### WHAT TO PRODUCE
Repeat, exactly as they appear, the lines from the one with "Çerçeve Yaka Dantelli" through the last line of the entries below, but none of the pictures.

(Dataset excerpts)

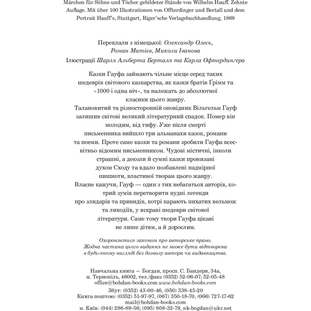 Казки Гауфа займають чільне місце серед таких шедеврів світового казкарства, як казки братів Ґрімм та «1000 і одна ніч», та належать до абсолютної класики цього жанру. Талановитий та різносторонній оповідник Вільгельм Гауф залишив світові великий літературний спадок. Помер він молодим, від тифу. Уже після смерті письменника вийшло три альманахи казок, романи та поеми. Проте саме казки та романи зробили Гауфа всесвітньо відомим письменником. Чудові містичні, інколи страшні, а деколи й сумні казки пронизані духом Сходу та вдало позбавлені надмірної пишноти, властивої творам цього жанру. Власне кажучи, Гауф — один з тих небагатьох авторів, котрий зумів перетворити нудні легенди про злидарів та привидів, котрі карають пихатих вельмож та лиходіїв, у яскраві шедеври світової літератури. Саме тому твори Гауфа цікаві не лише дітям, а й дорослим.
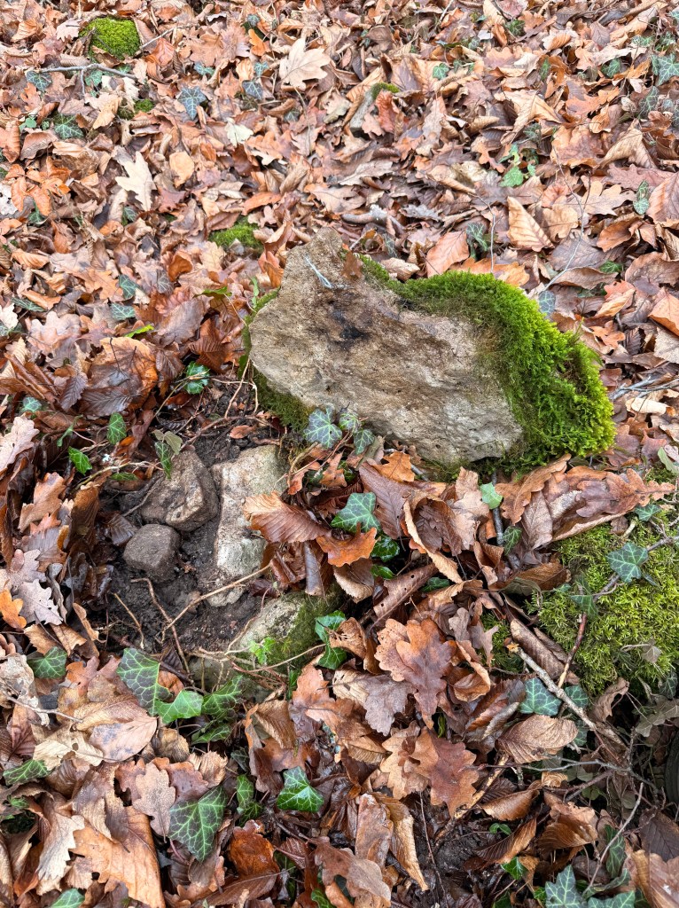 Sollte hier tatsächlich ein Teil eines römischen Gutshofes gestanden haben, so könnte er im Boden noch verhältnismäßig gut erhalten sein. Das dichte Moos und der üppige Bewuchs aus Efeu erschweren allerdings die Sicht auf mögliche Baureste wie Ziegel oder andere typische Baumaterialien.
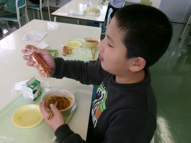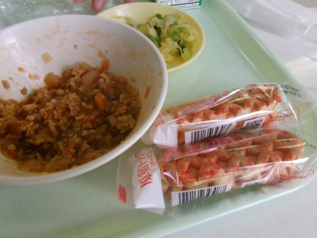 今日の給食にはチーズドッグが付いています。
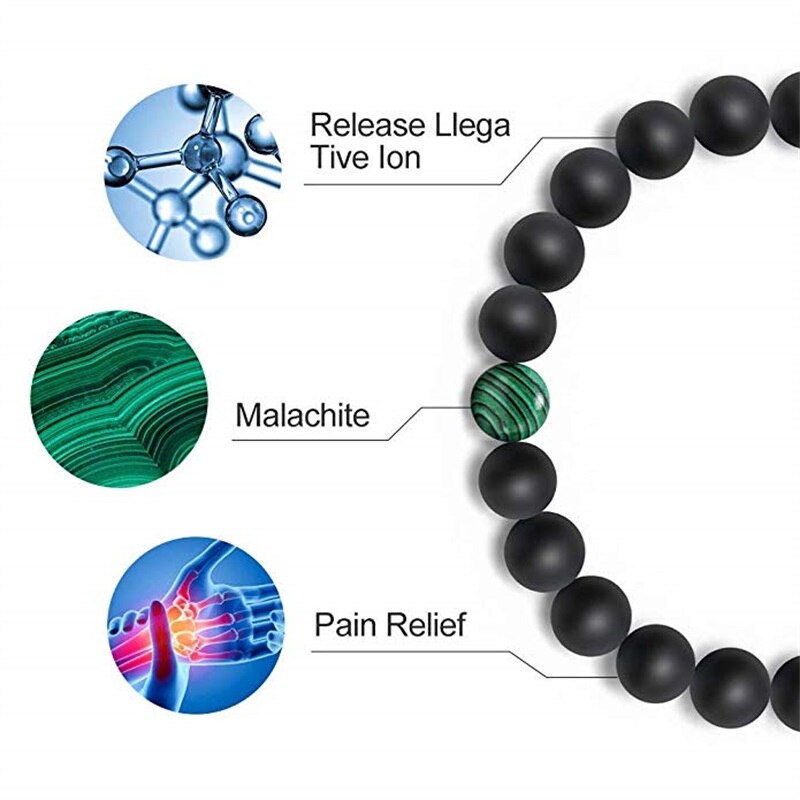 2 pieces/Set 8mm Natural Malachite Stone Bracelet Couple Bracelet Black Matte Green Stone Beads Bracelets
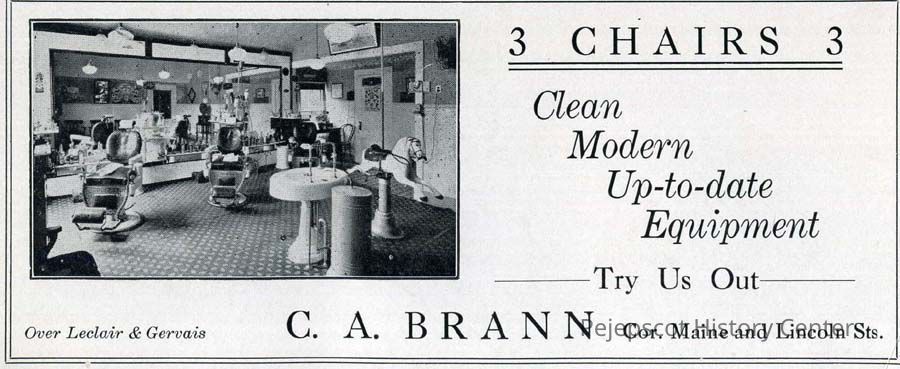 The advertisement reads: "3 Chairs" "Clean, Modern, Up-to-date Equipment" "Try us out" and "C.A. Brann" "Over Leclair & Gervais" "Cor. Maine and Lincoln Sts."
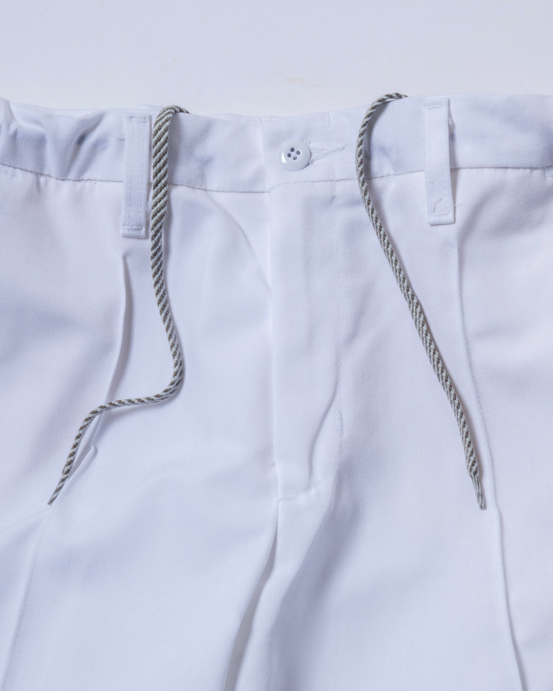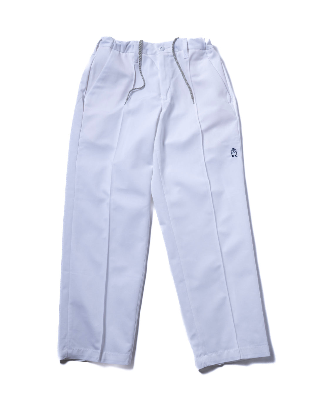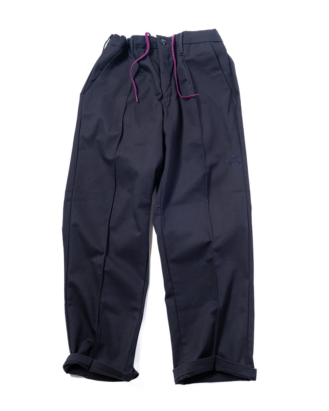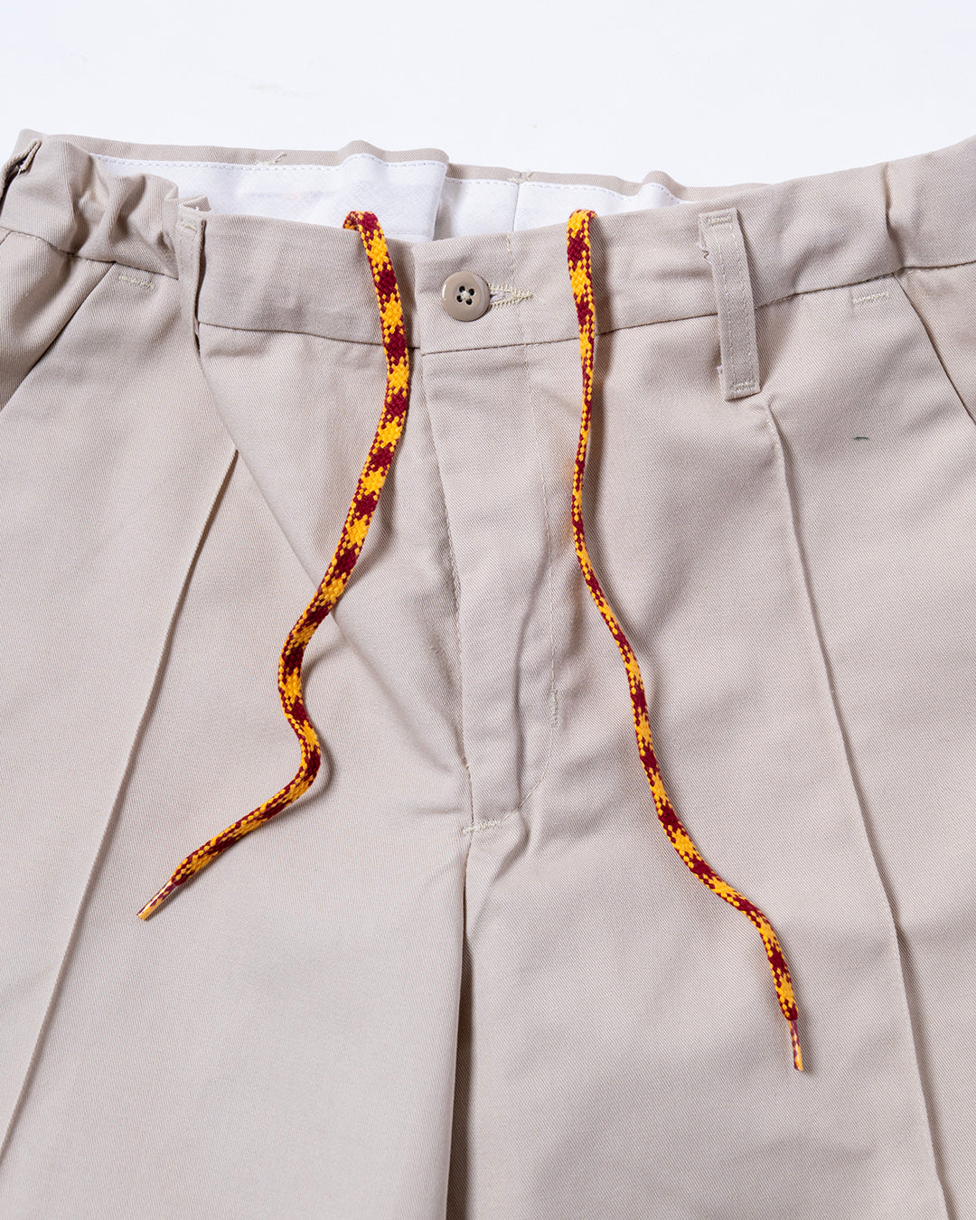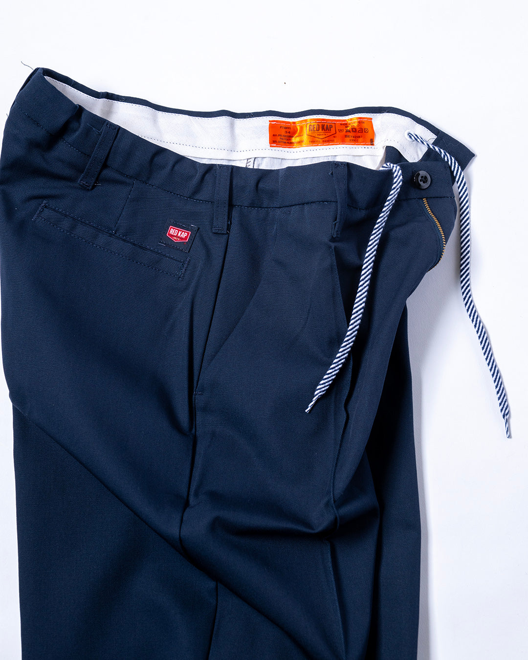 RED KAPのワークパンツをカスタマイズ。使用しているベースはPT10で、通常のワークパンツのようにザラザラと硬めな生地ではなく、柔らかくさらっとしておりスラックスのような雰囲気。フロントにはセンタープリーツを施し、ウエスト内側にストリングを内蔵していますので、ベルトレスで着用可能です。紐は”VINCENT SHOE LACE”にお願いしたものや、昔のデッドストック品を使用しています。
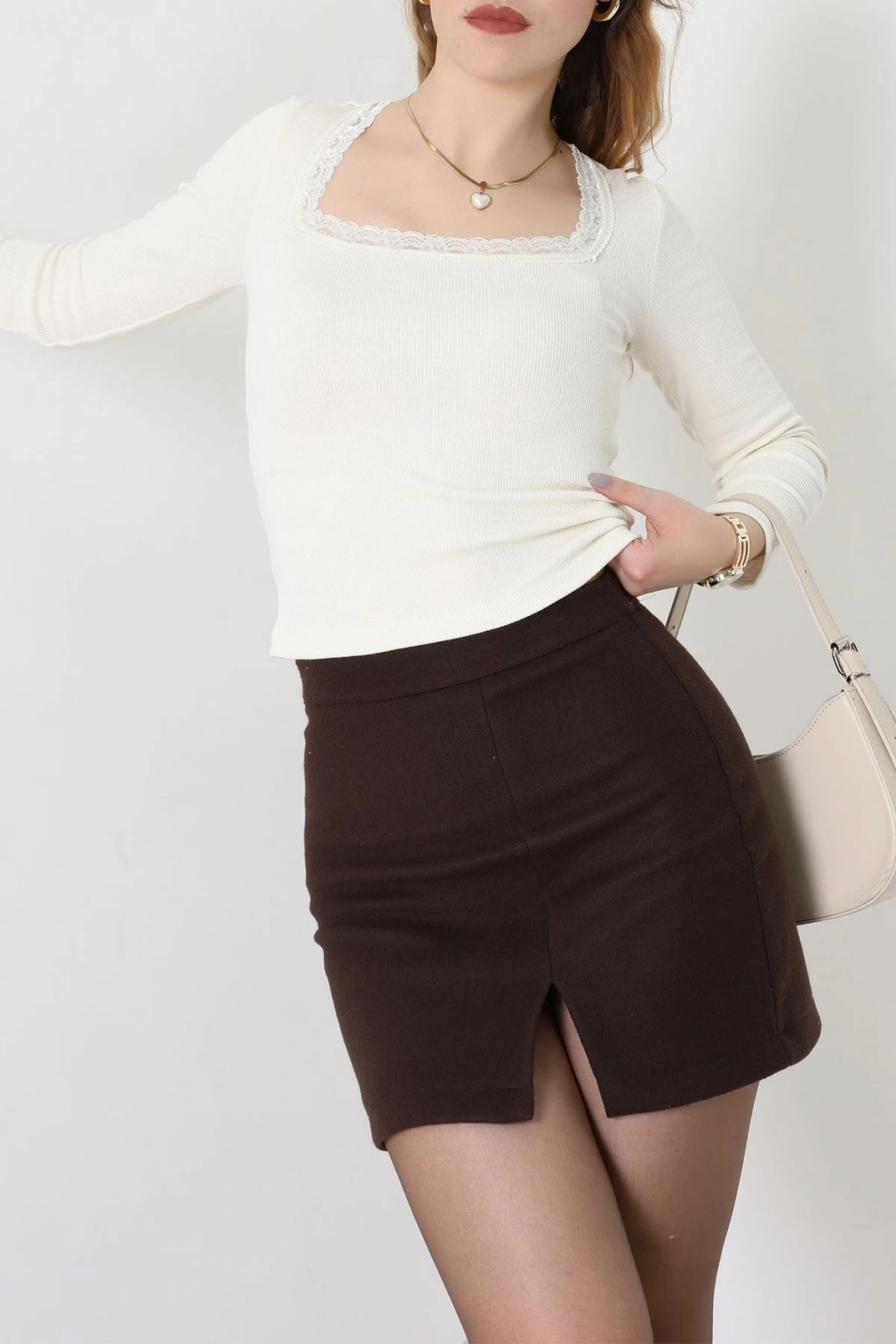 Çerçeve Yaka Dantelli Kaşkorse Body Krem - 70789.599.
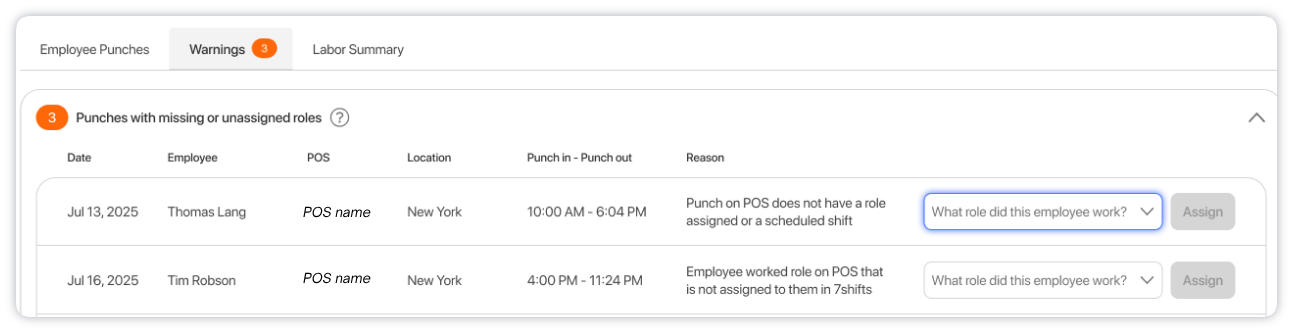 Once your POS labor is syncing into 7shifts, you will see a Warnings tab when reviewing your current pay period. This tab highlights punches missing a role in your POS/7shifts labor data that may need attention before running payroll.
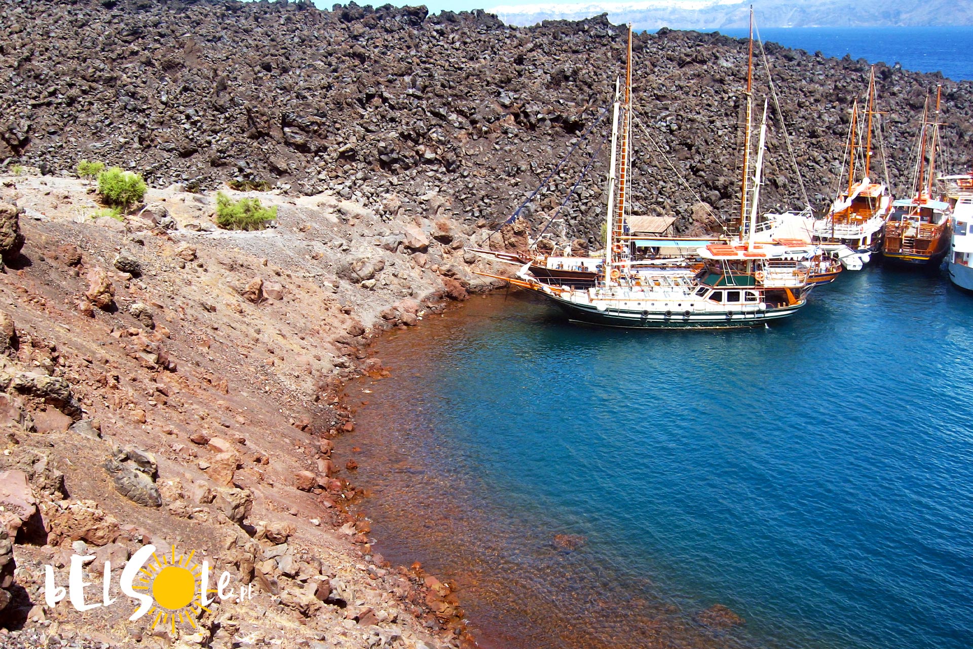 Może nie są gorące, a po prostu bardzo ciepłe. Gorące źródła znajdują się w centrum Kaldery Santorini na wysepce Nea Kameni. Temperatura wynosi od 30 do 35 stopni Celsjusza. Dopłyniecie tam tylko łodzią, koszt wycieczki na wulkan to około 20 EUR, musicie ze sobą wziąć strój kąpielowy, ręcznik i wygodne buty. Dodatkowo musicie mieć 5 EUR za wejście na wulkan.

### RESULT
 Çerçeve Yaka Dantelli Kaşkorse Body Krem - 70789.599.
 Once your POS labor is syncing into 7shifts, you will see a Warnings tab when reviewing your current pay period. This tab highlights punches missing a role in your POS/7shifts labor data that may need attention before running payroll.
 Może nie są gorące, a po prostu bardzo ciepłe. Gorące źródła znajdują się w centrum Kaldery Santorini na wysepce Nea Kameni. Temperatura wynosi od 30 do 35 stopni Celsjusza. Dopłyniecie tam tylko łodzią, koszt wycieczki na wulkan to około 20 EUR, musicie ze sobą wziąć strój kąpielowy, ręcznik i wygodne buty. Dodatkowo musicie mieć 5 EUR za wejście na wulkan.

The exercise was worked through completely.